Abe came back and helped me sit up in my bed. He handed me the cup of water and then sat back in the chair with a sigh.

“Where is she?” I asked finally, the silence too loud.

He didn’t have to ask who. “With the Trio,” he said quietly. “Christie told me they’re thinking about staying here. For a while, at least. To help with Lola. And you.”

“I don’t need to be taken care of,” I snapped. “Neither does she. Not by them. I can do it. We don’t need help.”

His words were pointed, but kind. “Benji, you haven’t been in a position to help anyone these last few days.”

I said nothing. He was right, of course. I looked away. I hurt all over, a pain that seemed to be buried deep into my bones.

“Has the funeral happened yet?” I asked gruffly.

“Of course not. Lola would never do that without you. You have to be there.”

“He’s still….” I couldn’t finish.

Abe knew what I was asking. “Yes. He’s still at the morgue. They had… they had to make sure there was nothing wrong with Big Eddie. Do you understand?”

Yes. Yes, I did. They had to make sure there was nothing wrong with him so they cut him open and dug around on his insides. They desecrated the body of my father in search of the truth. Had it been Doc Heward? No, I thought not. It would have been the medical examiner, the one who’d been out of town on the day I saw my father in that freezer. I nodded at Abe and asked him what they found, because they would have found something. There would be something there, because the only way my father would leave me would be if he was forced to. This was not going to be something as cosmically simple as an accident. He didn’t slide off the road because the pavement was wet. He didn’t swerve to miss a deer. No. To rid this earth of my father would take something darker than that. A conspiracy to take him away. They would find something, because Big Eddie was too big to go out because of something as mundane as a car accident. He could not die because of something so artless.

“What did they find?” I asked Abe.

He shook his head. “They haven’t said yet. It takes some time for the tests to be done. Tox screens, blood work. They’ll want to make sure there were no drugs or alcohol in his system at the time of the accident.”

Stop saying accident, you old bastard. It wasn’t an accident. “Big Eddie wasn’t like that,” I said sharply. “He would never have been so stupid.”

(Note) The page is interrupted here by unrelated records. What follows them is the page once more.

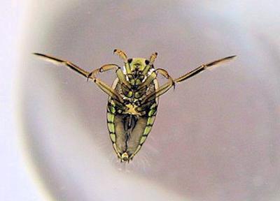 Went out to some new water this morning. The minnows weren't biting but the back swimmers were voracious. I caught two of these water boatman on tanago hooks. These water bugs were 3/8" to 1/2" long and aggressive. I brought this one home to photograph it. Should've left the hook in its mouth for believability.
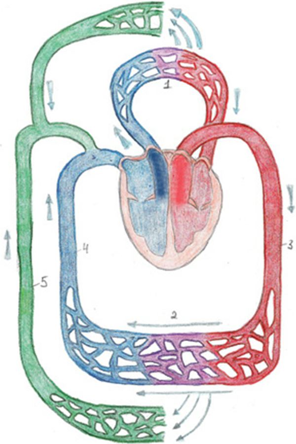 Рис. 2. Круги кровообращения и лимфатическая система. 1 – малый круг кровообращения, 2 – большой круг кровообращения, 3 – артериальное русло, 4 – венозное русло, 5 – лимфатическая система. Стрелками указано направление тока жидкости
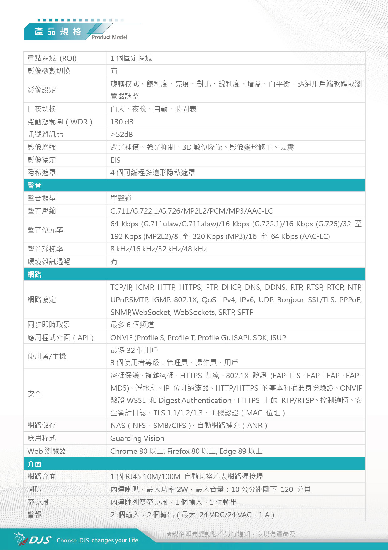 | 應用程式介面 | ONVIF (Profile S, Profile T, Profile G), ISAPI, SDK, ISUP | |||
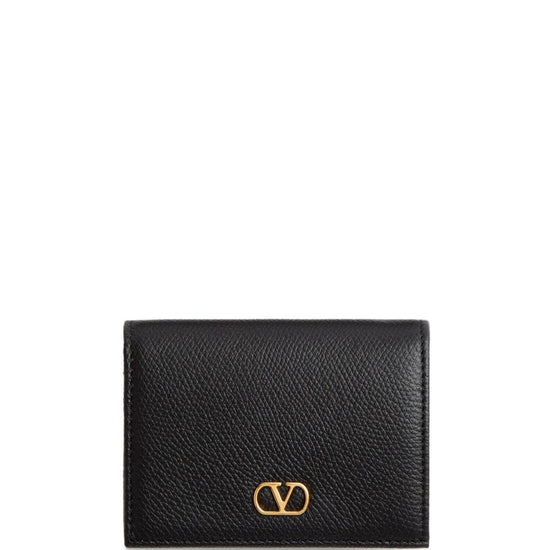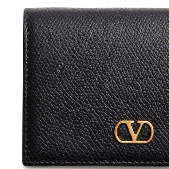 Valentino wallet black calf leather pebbled texture gold-tone logo plaque foldover top with press-stud fastening internal card slots the full look includes valentino garavani accessories. vlogo signature leather wallet
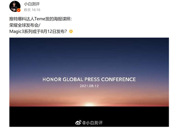 值得一提的是,推特上也有海外博主曝光了荣耀全球发布会的海报谍照,结合赵明的讲话看,很有可能指荣耀Magic3全球发布会,看来荣耀Magic3系列定档8月12日没跑了!
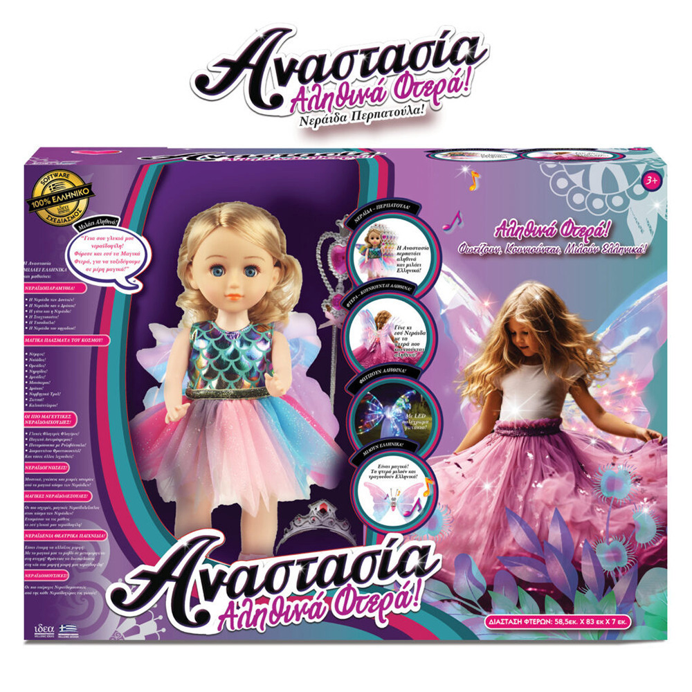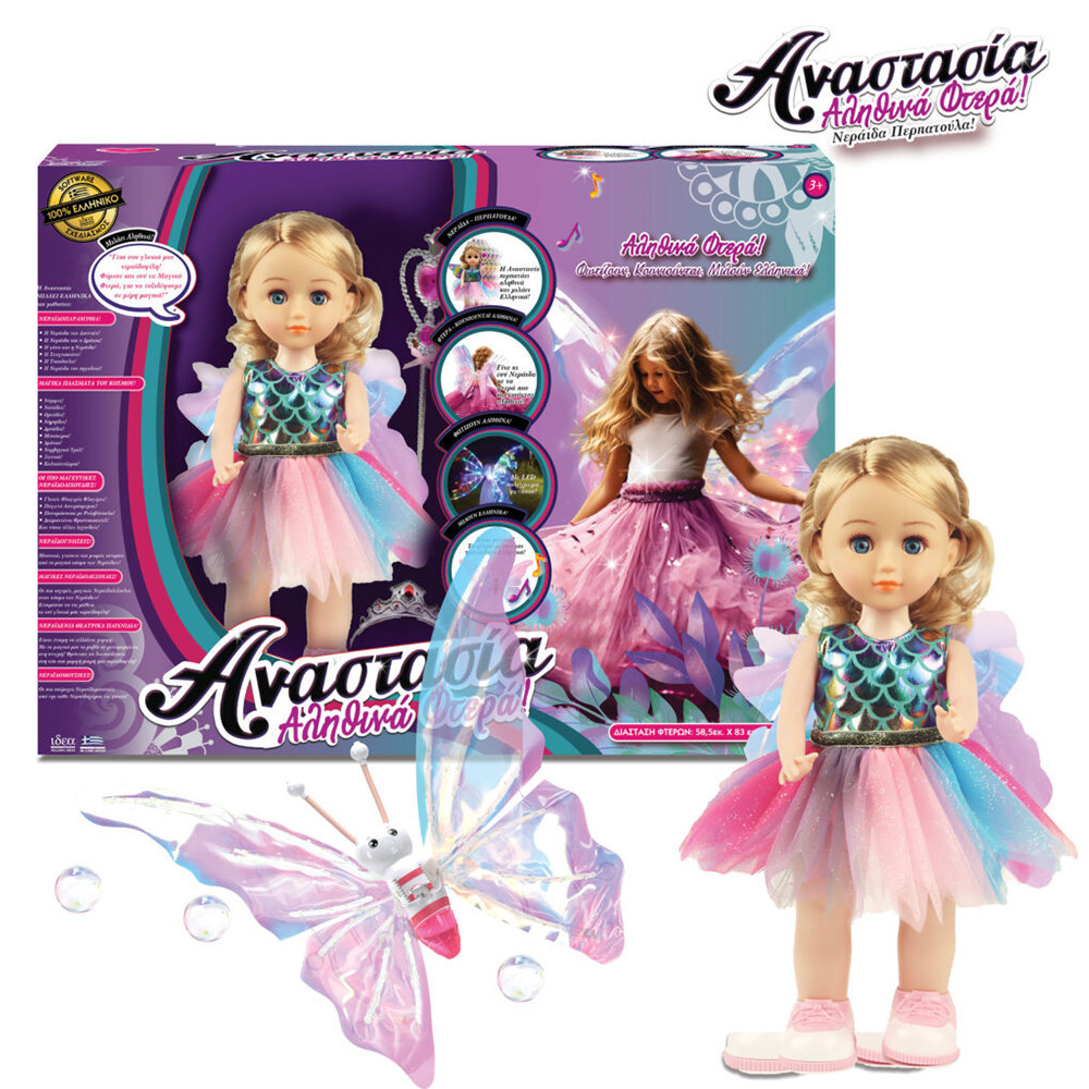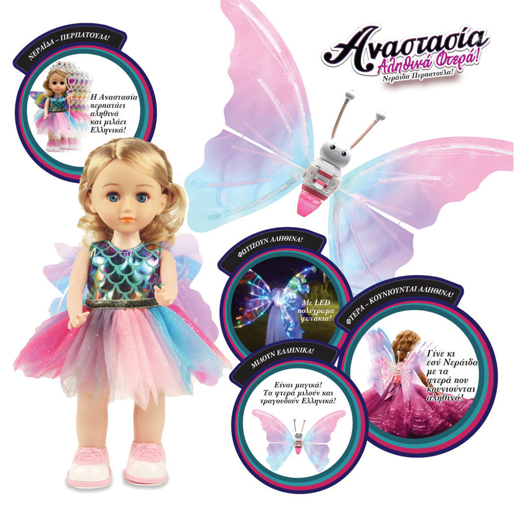 Η Αναστασία είναι κούκλα Νεράιδα, περπατάει αληθινά, μιλάει ελληνικά και λειτουργεί διαδραστικά με τα παιδιά, σαν αληθινή φίλη. Περιλαμβάνει αληθινά φτερά για τα παιδιά (με λουράκια για προσαρμογή στην πλάτη), που κουνιούνται, φωτίζονται με πολύχρωμα led, μιλούν ελληνικά και παίζουν νεραϊδένιες μουσικές! (Τα φτερά συναρμολογημένα έχουν διάσταση 83x59x7cm). Ένα ολοκληρωμένο σετ παιχνιδιού που θα μεταφέρει τις μικρές μας νεραϊδούλες στο μαγικό κόσμο του παραμυθιού! Η κούκλα ΑΝΑΣΤΑΣΙΑ μιλάει & μαθαίνει: -Νεραϊδοπαραμύθια! • H Νεράιδα των Δοντιών!• Η Νεράιδα και ο Δράκος!• Η γάτα και η Νεράιδα!• Η Σταχτοπούτα!• Η Τοσοδούλα!• Η Νεράιδα του πηγαδιού! Ιστορίες για τα μαγικά πλάσματα του κόσμου! Νύμφες, Ναϊάδες, Ορεάδες, Νηρηίδες, Δρυάδες, Μονόκεροι, Δράκοι, Νορβηγικά Τρολ, Ξωτικά, Καλικάντζαροι! -Μαγευτικές νεραϊδολιχουδιές! Γλυκές Φλογερές Φλογέρες, Παγωτό Αστερόκρεμας, Ποταμόσουπα με Ρυζοβότσαλα, Διαμαντένιο Φρουτοκοκτέιλ, Και τόσες άλλες λιχουδιές! -Νεραϊδογνώσεις! Μυστικά, γνώσεις και μικρές ιστορίες από το μαγικό κόσμο των Νεράιδων! -Μαγικές νεραϊδολεξούλες! Οι πιο ισχυρές, μαγικές Νεραϊδολεξούλες στον κόσμο των Νεράιδων! Νεραίδένια θεατρικα παιχνίδια! -Νεραϊδομουσικές! Τα αληθινά φτερά μιλούν ελληνικά & μαθαίνουν: -θεατρικά νεραϊδοπαραμύθια! Λειτουργεί με 3 μπαταρίες τύπου ΑΑ για την κούκλα (δεν περιέχονται) και 3 μπαταρίες τύπου ΑΑ για τα φτερά (περιέχονται).

“I know, Benji. It’s routine. They have to check. To make sure.”

I have to go to Eugene. Meet up with some friends. I’ll be back in the afternoon.

“He told me he’d come back,” I mumbled as I started to shrink back in on myself. “He said he’d come back.”

“I know he did, boy. Big Eddie was a man of his word too. I’m sure he would have come back just as soon as he could have.”

We were silent, for a time. Then, “Did I hurt her?” I asked in a small voice.

Abe sighed and grabbed my hand. His old skin felt soft against mine. “No. Scared her, yes. But hurt her? No. You didn’t touch her, though it wasn’t for a lack of trying. Doc Heward is a lot quicker than he looks, I’ll give him that.”

There was no recrimination in his voice, but I still needed him to understand. “I wasn’t… I didn’t want to hurt her,” I said. “She… she was the one… I just can’t stop thinking that she took him from me.”

“But she didn’t,” he said. “Lola had nothing to do with it. She’s in just as much pain as you are, Benji, and she’s going to need you as much as you need her.”

He was right, of course, but still I was stubborn. “She has the Trio,” I said bitterly.